Is the shortage here?

November 30, 2011
By TheRef
You would think, with the economy sucking as much as it does, that more people, even those who previously retired, might don stripes and referee. High School soccer pays pretty decent (I'd get $40-$45 a center for high-school ages at the club level - high schools pay close to $70), but I've been getting emails, and now texts, from assignors desperate for officials - and just not getting them. High School even allows the dreaded dual system of control (which, IMHO, is completely inadequate for a competitive game - although I think it's on more easy-going games, like recreational matches), so they don't even have to staff as many people.

But I'm getting those emails and texts the day before a game, quite literally begging for referees. Phrases like, "Need help badly" and "I'm desperate" have been littering my inbox lately - and they're all for multiple games in different locations. And while I feel bad for the assignors, I'm not feeling all that bad for the schools. High School soccer has, over the years, has earned a special hatred in my heart. Years ago, the schools quashed a requested pay raise, but the abuse and crap kept increasing. Maybe the chicken has come home to roost, and people are realizing that despite the good pay, the crap just isn't worth it, then good. It certainly was for me - it's how I got into reffing roller derby (which I'm not paid for, but have found to enjoy much more than the high school bull$%!@). Now, the question is, if the referee shortage is actually here, what will the high school association do about it? Will they think there's just a shortage of people, or realize that an unsettling number of coaches are assholes (especially on, and I use the word deliberately, boy's games, that their mantra of that high school sports is "an extension of the classroom" is a hypocritical lie, and their failure to support officials has lead to this problem? Somehow, I doubt it. Read More »

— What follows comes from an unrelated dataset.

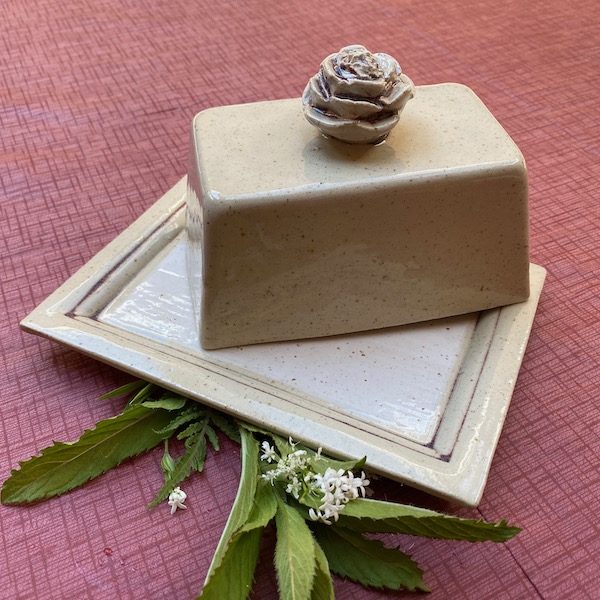 Die Oberfläche Oxblood ist eine milchig glänzende und transparente Glasur. Dort wo sie dick aufgetragen ist, zeigt sie ihre roten Variationen. Du kannst das gut am Blütengriff und an den Kanten der Servierplatte beobachten. Diese Glasur ist eine meiner Lieblingsglasuren und passt sehr gut in jede Küche. Besondere Aufmerksamkeit verdient der aus Ton geformte Blütenkopf. Dieser gibt der Servierglocke einen lieblichen und frischen Charakter.

Head reffing my first sanctioned derby bout

November 20, 2011
By TheRef
So, since most of my readers are soccer people, a little background on how things work in the roller derby world. As of the day I write this, there are 1055 roller derby leagues world-wide; there are 124 leagues in the Women's Flat Track Derby Association covering the US, Canada, Scotland, and England, which is the gold-standard for roller derby leagues - both in operations and in quality of play. There are WFTDA "Apprentice Leagues" (meaning on the fast-track to becoming full members, which has 64 leagues in the US, Canada, Sweden, Finland, England, Belgium, Australia, Germany, and France) and a waiting list of I don't know how long. Just like the USSF (and other soccer federations) have different levels of grading an official, so does the WFTDA: 1-5, with five being the top level, and most referees being uncertified (equivalent of a grade 8 in the USSF). I'm currently a level 2 (equivalent of a State-ish badge?). And just like the USSF, there are different types of games, even if they're played under the same rules (such as amateur, Division 1 amateur, professional, international, etc.). Top level matches that determine if a league can enter the WFTDA championship series, are referred to as Sanctioned Bouts. Up until this point, while I had officiated in sanctioned bouts. I had not been the head referee for any. When I reffed youth soccer, each club had their own referee assignor, and when Team A went to play at Team B's field, team B's assignor assigned three officials for the game. Typically in a WFTDA sanctioned bout, the referee crew is staffed by both leagues - because there is a maximum of seven referees, you get up to three from the visiting team (depending on their referees and funds to bring them over), and four from the home team. Just like in the example from the USSF youth games, where the referees are still supposed to be neutral, the same applies to WFTDA games - but it allows referees a chance to travel, pick up evaluations for certification, and pick up experience outside of your normal crew. Read More »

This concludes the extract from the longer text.